In the first sequence, tail stiffening occurred at 50% of the gait cycle (Figure 4), the midpoint of the swing phase of the front left leg, i.e., when it was reaching forward. Tail relaxation occurred at 100% of the gait cycle at the same instant during the swing phase of the front right leg. The stiff tail provided additional support to the robot, supplementing stability in conjunction with the front right leg and the back left leg during the flight phase. When the tail relaxed, all four legs of the robot were in contact with the ground, ensuring continuous stability. The stiff tail not only provided a counterbalance but also played a significant role in propelling the robot forward. On a smooth, flat surface, the robot with this configuration maintained a straight trajectory and covered an optimal distance in a cycle (Figure 5A).

In contrast, the second sequence presented a different outcome. In this sequence, the tail stiffened just before the front right leg touched the ground, with the body curved to the left. The tail was relaxed when the front left, and back right legs were in the air, leading to an unstable stance as the robot had to rely solely on the front right leg and the left back leg without any assistance from the tail. This imbalance led to the robot tilting backward. This configuration consistently deviated from a straight trajectory on a smooth, flat surface, veering to the right, indicative of a foot drop sequence. This gait-stiffening sequence resulted in covering less distance per cycle compared to the first sequence (Figure 5B).

Given these observations, we continued our experiments using the first sequence. It offered a clear advantage in stability and locomotion, making it a more efficient model for our robotic design. However, this does not rule out the potential that other gait-stiffening sequences might bring to the table.
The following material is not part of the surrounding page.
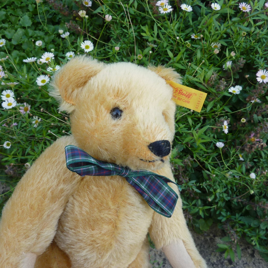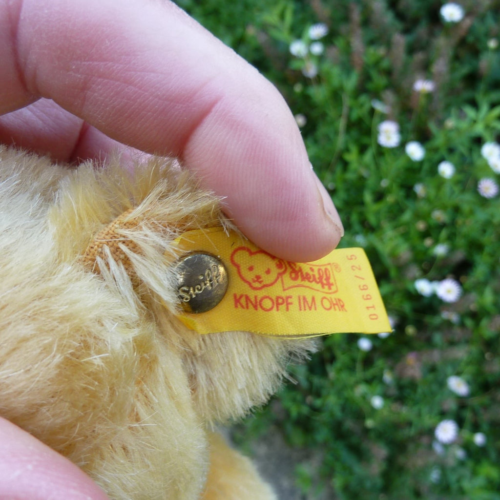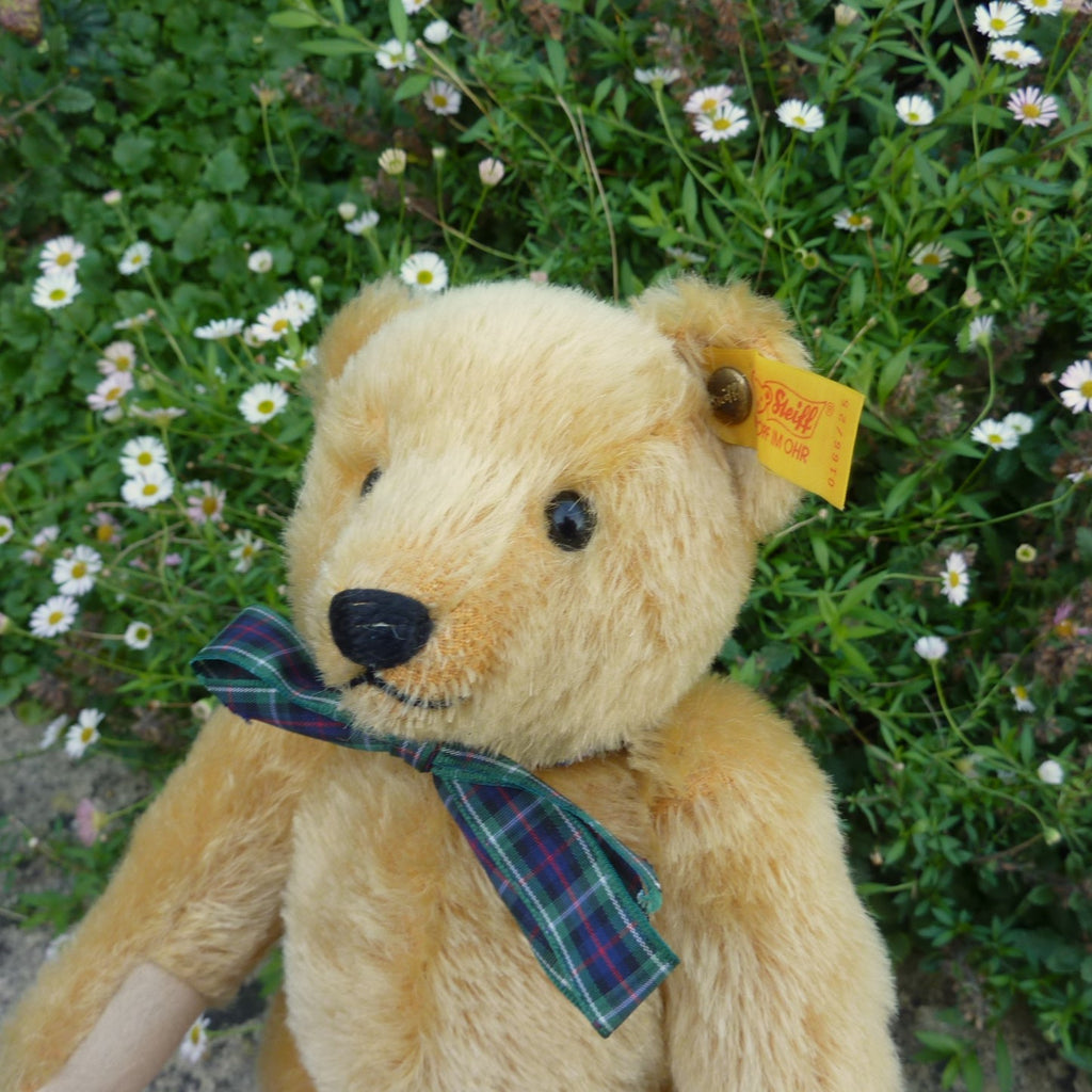 This small to medium-zed, classic Steiff bear is made of pale blond mohair with black safety eyes and felt paw pads. The neck ribbon has been replaced but the bear is in excellent condition with button and ear tag.

For future work, a more comprehensive study could explore other gait-stiffening sequences and their respective impacts on locomotion.

This experiment was carried out as described in section 3.1. In each of the five trials conducted, the robot could not meet the goal of traveling along a straight line while on level ground. The robot deviated 2.4° ± 0.71° per cycle from the straight path and traveled with a speed of 0.45 ± 0.03 BL/cycle (or 3.75 ± 0.25 cm/s), Figure 7B.

This test revealed many problems in the robot’s locomotion without a tail. Firstly, the robot’s body struck the ground twice during each gait cycle. The front of the robot pitched upwards (12.95° ± 6.6°) from the horizontal axis during the swing phase, causing the rear of the robot to strike the ground before foot placement could occur (Figure 6A; Figure 7A). Secondly, the rear legs of the robot did not have sufficient ground clearance during the swing phase, resulting in the rear swinging leg dragging along the ground. Finally, the front legs were found to have excessive ground clearance, leading to increased motion perpendicular to the ground, rather than the desired motion parallel to the ground. These three problems were inexplicably linked to the upward pitching of the robot and caused the robot’s diagonal gait to be asymmetrical and uneven. This impaired the robot’s balance, in turn hindering the robot’s ability to travel along a straight line.

Five replications of the previous experiment were conducted with identical protocols (Figure 6B). Quantitative analysis showed a substantial enhancement in locomotion speed (0.61 ± 0.09 BL/cycle or 5.1 ± 0.75 cm/s), a 34% increase compared to locomotion with no tail (Figure 7B). However, the robot still could not travel in a straight line and deviated from the path 3.13° ± 1.72° per cycle with a rigid tail.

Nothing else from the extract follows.